→ Work request: In the entries below, every line with the string "licorne" is to be reported.

Start of Block

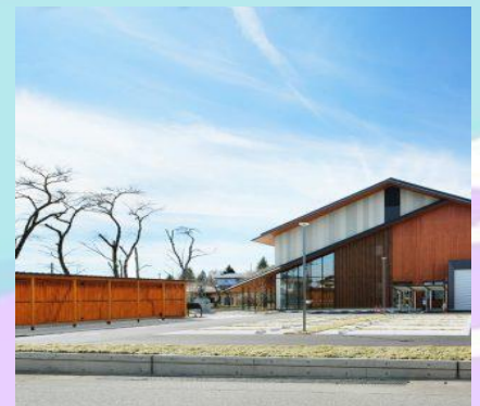
日光市市民活動センター NIKKO Civic Activities Support Center
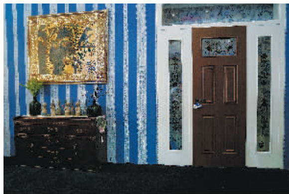
霍尔茨倡导的生态空间理念,将木门与配饰进行有机搭配,形成和谐的整体。
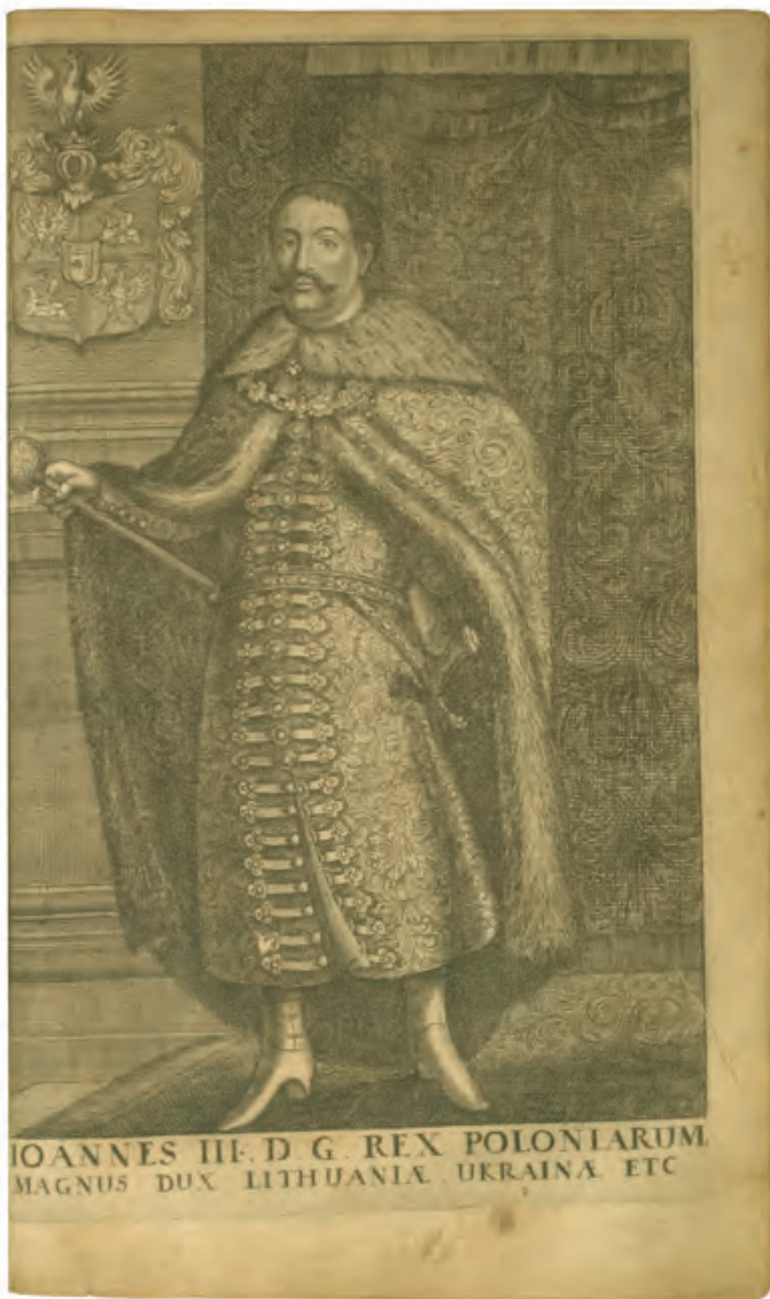
52. Ch. Hartknoch, Alt- und Neues Preussen Oder Preussischer Historien [...], Franckfurt und Leipzig 1684
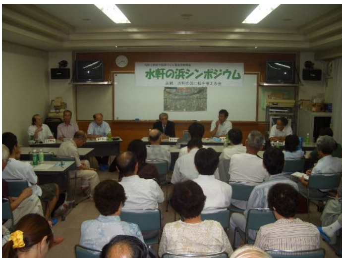
パネルディスカッション
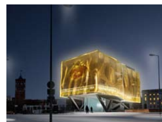
Humboldt-Box auf dem Berliner Schlossplatz
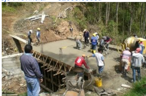
Puente Río Tasqui

Inversión Parroquial 1419.00usd. Inversión Concejo Provincial 32000.00usd
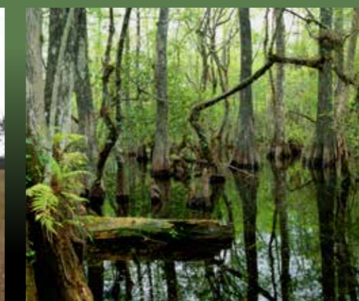
Cypress swamps. Pantanos de cipreses.
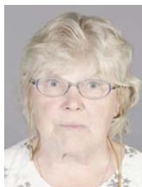
5) не правильно передержанный снимок
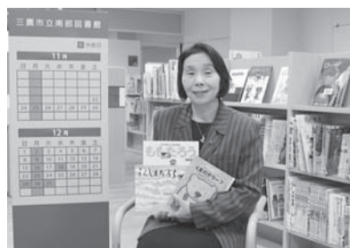
開館準備が進む南部図書館にて新しい本を手
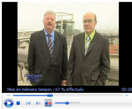
Extrait de "Dites nous tout" - Télé Bruxelles
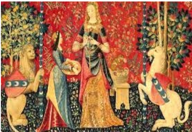
La « Dame à la licorne » (Musée de Cluny-Paris)

Perpétuer cet art, le rendre vivant pour les générations futures, former des lissiers, tel est le but de la Cité internationale de la tapisserie et de l'art tissé d'Aubusson. A ce titre elle lance annuellement un appel pour la création de maquettes de tapisseries contemporaines. La « Peau de licorne » de M. Nicolas Buffe est l'œuvre lauréate de 2010. Ses œuvres sont composées de décors empruntés à l'ornement du XVI ème , XVII ème et XVIII ème siècles (maniériste, baroque ou rococo) mêlés à des personnages issus de la bande dessinée ou de films d'animation.
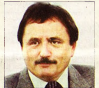
Kovács Tibor országgyűlési képviselő
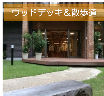
ウッドデッキ&散歩道

お手洗いは、ホール内に3か所設置しており、車椅子の方でも安全にご利用いただける広さと、設備を備えております。
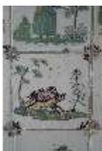
AnsRes.II, Fliese im Fliesensaal, R. 24, DI024061, BSV-
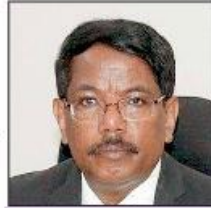
ಅಧಿಕಾರಿಗಳಿಗೆ ಬಿಬಿಎಂಪಿ ಆಯುಕ್ತರ ಸೂಚನೆ

"2009ರ ಸೆ. 29ಕ್ಕೆ ಮೊದಲು ಅನಧಿಕೃತವಾಗಿ ನಿರ್ಮಿಸಿರುವ ಧಾರ್ಮಿಕ ಕಟ್ಟಡಗಳ ಸಮೀಕ್ಷೆ ನಡೆಸಿ ವರದಿ ನೀಡಲು ನ್ಯಾಯಾಲಯ ಸೂಚಿಸಿದೆ. ಈ ಧಾರ್ಮಿಕ ಕಟ್ಟಡಗಳನ್ನು ಸ್ವಕಾಂತರ ಅಥವಾ ತೆರವುಗೊಳಿಸಬೇಕಿದೆ. 2009ರ ಸೆ. 29ರ ನಂತರ ಅಕ್ರಮವಾಗಿ ಧಾರ್ಮಿಕ ಕಟ್ಟಡಗಳನ್ನು ನಿರ್ಮಿಸಲು ಅವಕಾಶವಿಲ್ಲ. ಅಂಥ ಕಟ್ಟಡಗಳನ್ನು ತೆರವು ಮಾಡಲು ಕೋರ್ಟ್ ಆದೇಶಿಸಿದೆ," ಎಂದು ತಿಳಿಸಿದರು.
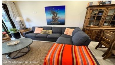
MIS Vallarta Nayari Compostela
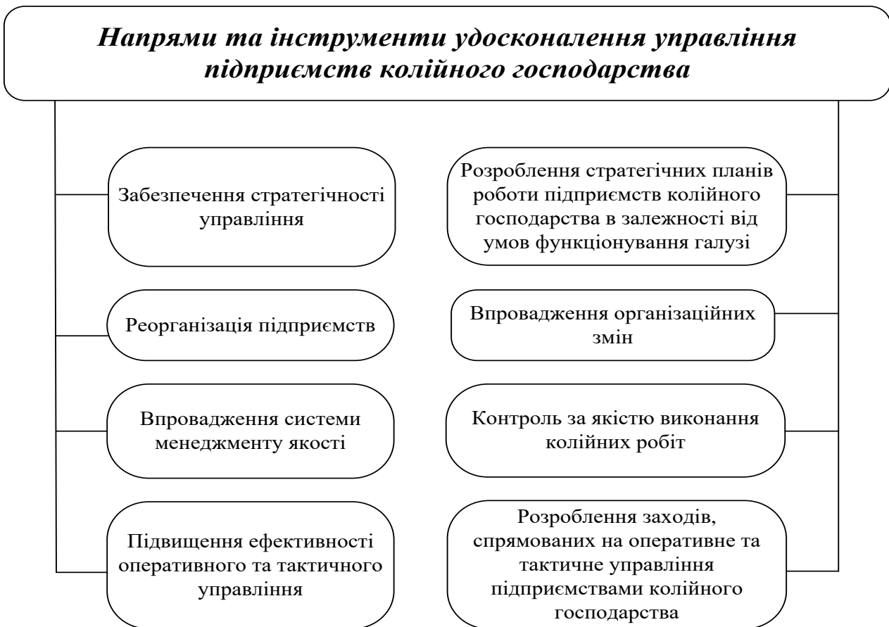
Рис. 1. Напрями та інструменти, спрямовані на удосконалення управління підприємствами колійного господарства

У дисертаційному дослідженні зазначено, що управління підприємствами колійного господарства має базуватися на загальних принципах управління, враховуючи зміни у роботі служб колій, дистанцій колій, колійно-машинних станцій та інших структурних підрозділів господарства, у зв'язку із реорганізацією галузі, запровадженням швидкісного руху, зміною основних напрямів вантажо- та пасажиропотоків, розділенням колій для пропуску переважно вантажного і пасажирського рухів тощо (рис. 1.)

End of Block

→ Task answer:
La « Dame à la licorne » (Musée de Cluny-Paris)
Perpétuer cet art, le rendre vivant pour les générations futures, former des lissiers, tel est le but de la Cité internationale de la tapisserie et de l'art tissé d'Aubusson. A ce titre elle lance annuellement un appel pour la création de maquettes de tapisseries contemporaines. La « Peau de licorne » de M. Nicolas Buffe est l'œuvre lauréate de 2010. Ses œuvres sont composées de décors empruntés à l'ornement du XVI ème , XVII ème et XVIII ème siècles (maniériste, baroque ou rococo) mêlés à des personnages issus de la bande dessinée ou de films d'animation.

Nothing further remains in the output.